Gates enforced during the run

  • VerifyGate commits only on green typecheck + tests; otherwise leaves work uncommitted with verbatim blockers (lines 216217). Trust this — but read the blockers array.
  • (After §3) VerifyGate also fails on version-bump diff, skipped tests, and missing partial-WHERE/CHECK in generated SQL.

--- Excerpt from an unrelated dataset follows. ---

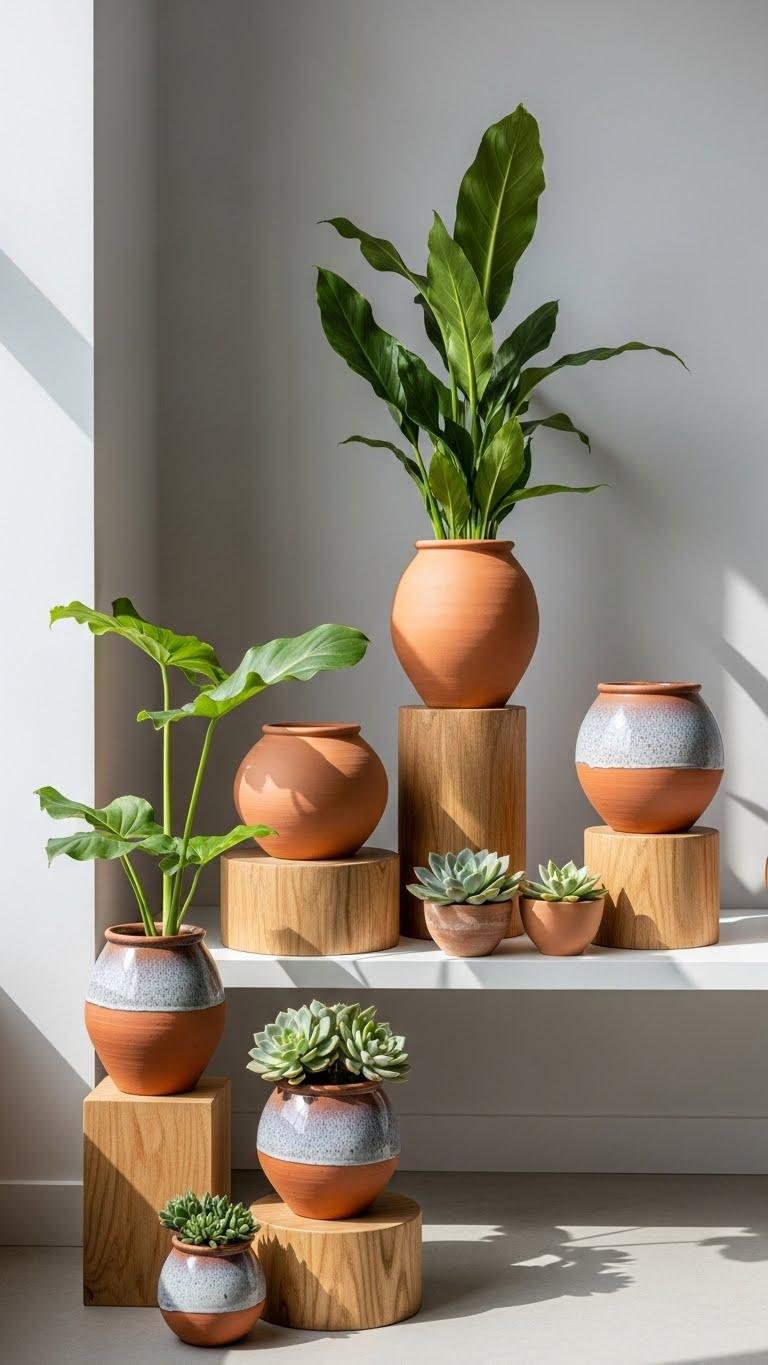 You’ll layer sculptural foliage and petite succulent groupings for texture and low-maintenance appeal, mixing raw terracotta with a few glazed potting accents to catch light. Choose varied heights, embrace negative space, and let plants breathe — freedom in a calm, timeless palette.

After the run — human reviews REQUIRED before anything leaves the branch

  1. Read selfAudit.verdict and selfAudit.mustFixBeforeBackfill (lines 222248). Do not proceed if unsafe or non-empty must-fix.
  2. Code-review the generated schema for: partial-unique WHERE clauses, ledger immutability enforcement, Mixed-id CHECK constraints, numeric (no float), and db.transaction(...) around payment+ledger / referral / dispute writes.
  3. Confirm package.json version is unchanged and the lockfile situation is understood (update lockfiles + run npm/yarn audit at integration time, not in this workflow).

STAYS HUMAN-ONLY (workflow must never do these — and does not)

  • Running any backfill against real/staging data. Scripts are artifacts; a human runs them, in dependency order, against a whitelisted non-prod DSN, with --dry-run first and checksum verification after each step (use the §3 runbook).
  • Cutover / flipping any mongo|dual|pg rollout flag.
  • Pushing the branch, opening/merging a PR, tagging v* — any of which can trigger CI/deploy. Cherry-pick reviewed changes into a proper feature branch if needed; never push feat/pg-money-core-migration to main.